Try it -> Omit any picture, and return the remaining data exactly as written.

Source material ->
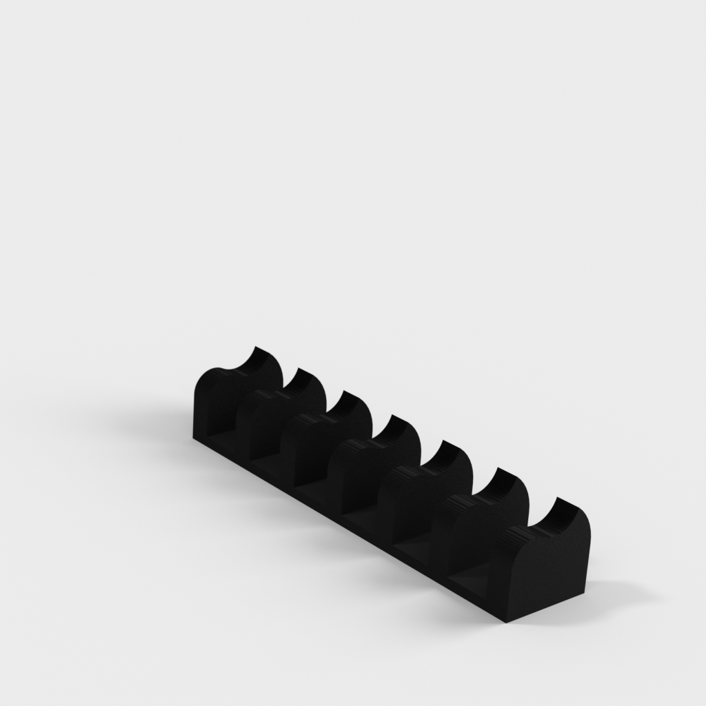 Organisatören är strax under 13 cm lång (cirka 5 tum) och har 1,27 cm breda fack (cirka 1/2 tum) som ger plats för att säkert förvara upp till 6 olika verktyg. Denna kompakta design säkerställer att dina verktyg hålls organiserade och lätta att hitta, oavsett om du arbetar med ett projekt hemma eller behöver snabb åtkomst till specifika verktyg i verkstaden.
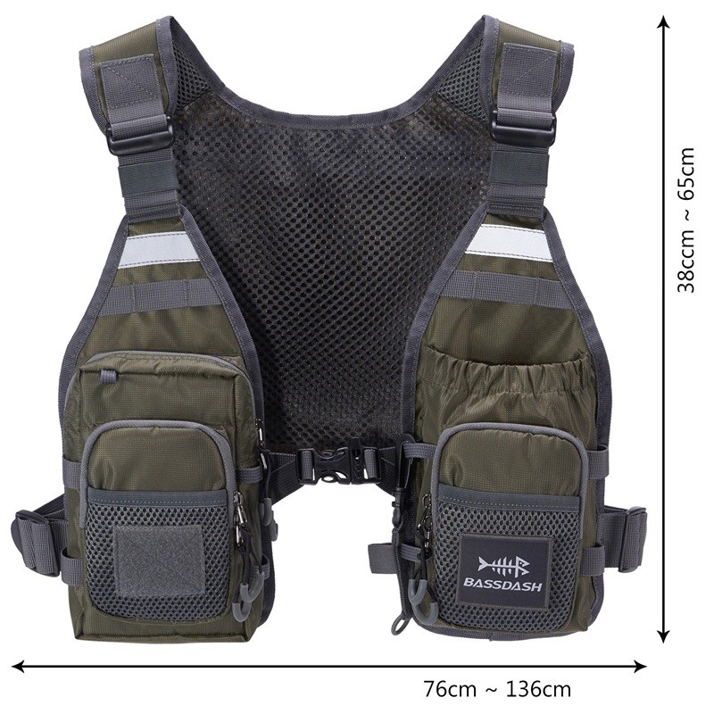 Zadná časť vesty je vyrobená z priedušnej sieťovanej tkaniny, ktorá môže prispieť k lepšej cirkulácii vzduchu pri pohybe. Nastaviteľné popruhy na ramenách a v páse pomáhajú prispôsobiť vestu rôznym postavám.
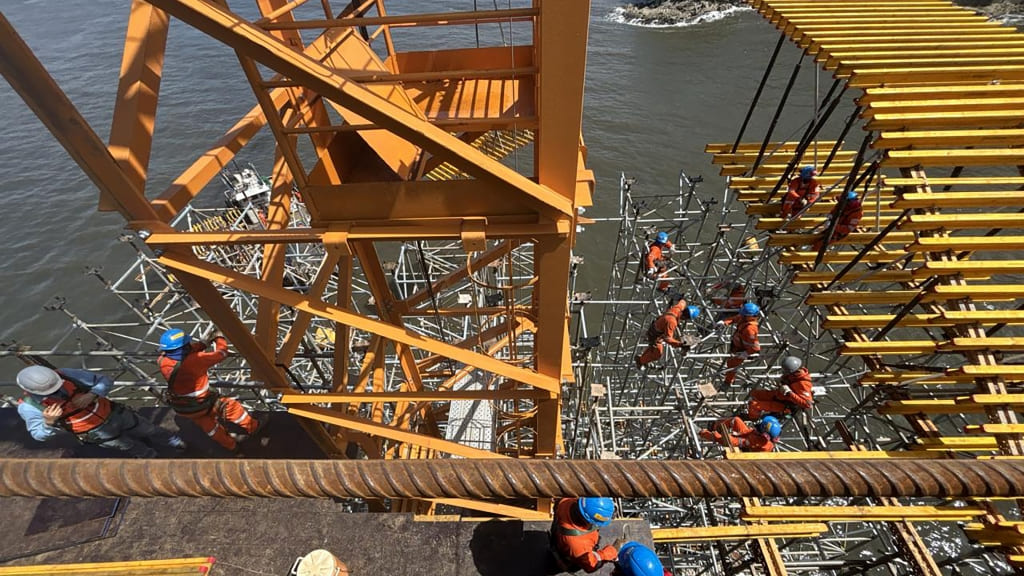 Essa etapa se soma a tudo o que está em andamento. Ao longo do último mês de fevereiro (2025), teve continuidade a execução das estacas do chamado trecho pré-moldado, todo aquele que não envolve a parte estaiada, envolvendo atividades de cravação, escavação e concretagem, além da fabricação e lançamento das vigas longarinas, que formam a base por onde passará a via. Foi finalizada também a concretagem dos blocos e pilares das torres principais do trecho estaiado.

Response to the exercise ->
 Organisatören är strax under 13 cm lång (cirka 5 tum) och har 1,27 cm breda fack (cirka 1/2 tum) som ger plats för att säkert förvara upp till 6 olika verktyg. Denna kompakta design säkerställer att dina verktyg hålls organiserade och lätta att hitta, oavsett om du arbetar med ett projekt hemma eller behöver snabb åtkomst till specifika verktyg i verkstaden.
 Zadná časť vesty je vyrobená z priedušnej sieťovanej tkaniny, ktorá môže prispieť k lepšej cirkulácii vzduchu pri pohybe. Nastaviteľné popruhy na ramenách a v páse pomáhajú prispôsobiť vestu rôznym postavám.
 Essa etapa se soma a tudo o que está em andamento. Ao longo do último mês de fevereiro (2025), teve continuidade a execução das estacas do chamado trecho pré-moldado, todo aquele que não envolve a parte estaiada, envolvendo atividades de cravação, escavação e concretagem, além da fabricação e lançamento das vigas longarinas, que formam a base por onde passará a via. Foi finalizada também a concretagem dos blocos e pilares das torres principais do trecho estaiado.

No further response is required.